Audiences will be excluded from the red carpet, Hollywood stars and movies will be largely absent and internal and external masks will be needed when the festival opens on Wednesday.
These strict measures are evidence of the hard line that Venice and the surrounding Veneto region took to involve the virus when it gave the impression on the lagoon city last February, unlike neighboring Lombardy, which has become the epicenter of the COVID-19 epidemic.in Europe, Veneto largely kept the virus under control with early local closures and general testing once it spread.
Biennale director Robert Cicutto said the resolution to host the festival is a vital sign of rebirth for Venice and the film industry, and said the delight at the Lido will serve as a “laboratory” for long-term cultural encounters. . .
“It will be a pleasure to know how to deal with an event” in the coVID era, he said when presenting this year’s Venice lineup.
The festival from 2 to 12 September marks Italy’s return to the world art scene after being the first Western country to be criticized through COVID.Even Tom Cruise’s “Mission: Impossible 7” in Venice at the time of 3 weeks of filming, had to withdraw.
The strict 10-week blockade in Italy has largely tamed the virus, however, infections are now recovering after the summer holidays. The health government is running to monitor passengers at airports and seaports in an attempt to identify imported cases before they spread.
Guests at the glamorous film festival are not exempt. If they arrive from outside Europe’s Schengen open area, they will be examined upon arrival. Other measures to restrict contagion include reserved and spaced seats for all projections and the requirement to wear masks even projections and exteriors.

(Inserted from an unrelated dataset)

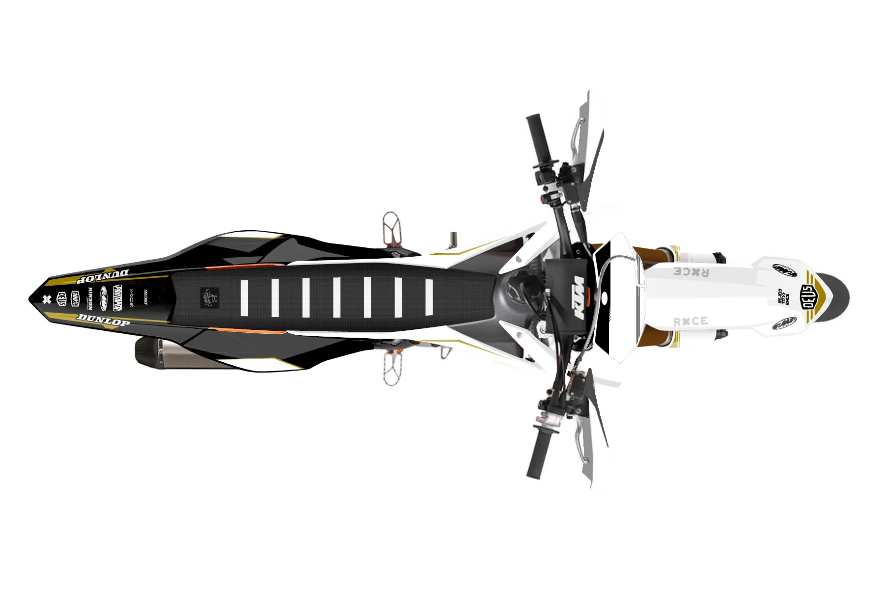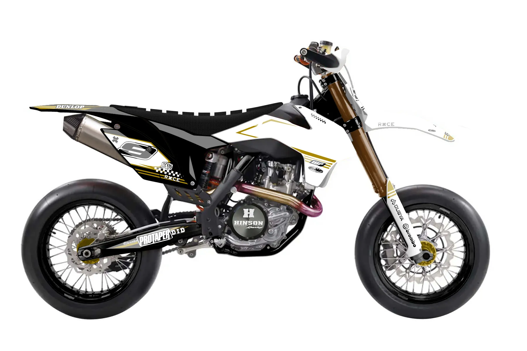 «Sharp» — готовый комплект графики серии Untucked для KTM Supermoto KTM SMR 450 2013. В комплекте: графика на бак и боковые облицовки, крылья (переднее и заднее), передний щиток, номерные таблички, защита вилки. Материал: ПВХ-винил 80 мкр с холодной ламинацией 300 мкр, общая толщина 380 мкр; покрытие глянцевое или матовое на выбор. Устойчив к UV-излучению, воде, бензину и мойке высокого давления. Клей акриловый на сольвентной основе — постоянный, для гибких пластиков. На простых поверхностях монтируется без нагрева; для сложных изгибов рекомендуем фен. Этот пресет можно заказать как есть или взять за основу в конструкторе: поменять цвета, добавить стартовый номер и свой бренд. Производство — 3–5 рабочих дней, доставка по России СДЭКом или Почтой, по СНГ — курьерскими службами.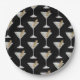 Quarantini Martini Cocktail Pattern Black Paper Plate

“It is transparent that we will have to respect anti-COVID measures,” said Paola Mar, Venice’s head of culture.”Each of us has a non-public responsibility.And if we all do our job, we can restrict mistakes.”.»
But he said the exhibition had to happen, given the importance of the film festival and other long-term cultural contributions of the Biennale to the Venice economy, which is almost entirely based on tourism.
Restrictions on U.S. travel to Europe have caused Hollywood films, which use Venice as a springboard for other festivals and ultimately for the Oscars, not necessarily to show up this year.
That there is no prospect of Venice regulars George Clooney and Brad Pitt arriving by water taxi, that there are no red carpet photoshoots with Lady Gaga, who created “A Star is Born” here, or Joaquin Phoenix, whose ” Joker “won Venice’s first prize, the Golden Lion, last year before moving on to Oscar glory.
This year’s slightly reduced schedule still features films at country festivals, but it will be a predominantly European event.The Italian films are well represented, adding the first Italian film of the opening night in years, the circle of family drama outside the festival “Lacci” through Daniele Luchetti.
Two Italian documentaries filmed the lockout make their debut: Andrea Segre’s “Molecules”, a haunting look at an empty and airy Venice, opens on Tuesday as a preview film of the festival, and director Luca Guadagnino, whose documentary about Italian shoemaker Salvatore Ferragamo is an official out-of-competition film, has released a last-minute short film “Fiori , Fiori, Fiori!”about the renaissance with his fellow training years in Sicily, the confinement.
Spanish director Pedro Almodóvar releases his first English-based film, “The Human Voice,” which he filmed and edited in the weeks following the end of the Spanish lockup.The short film, an adaptation of Jean Cocteau’s play of the same name, stars Tilda.Swinton, who this year will win the Golden Lion for The Journey in Venice.
Cate Blanchett heads the jury, which Matt Dillon joined at the last minute following the retirement of Romanian director Cristi Puiu.
But other A-list celebrities remain largely out of the way.Venice itself still has a long way to go from the economic devastation of a pandemic, the interruption of cruise shipage stops and the closure of a high society city.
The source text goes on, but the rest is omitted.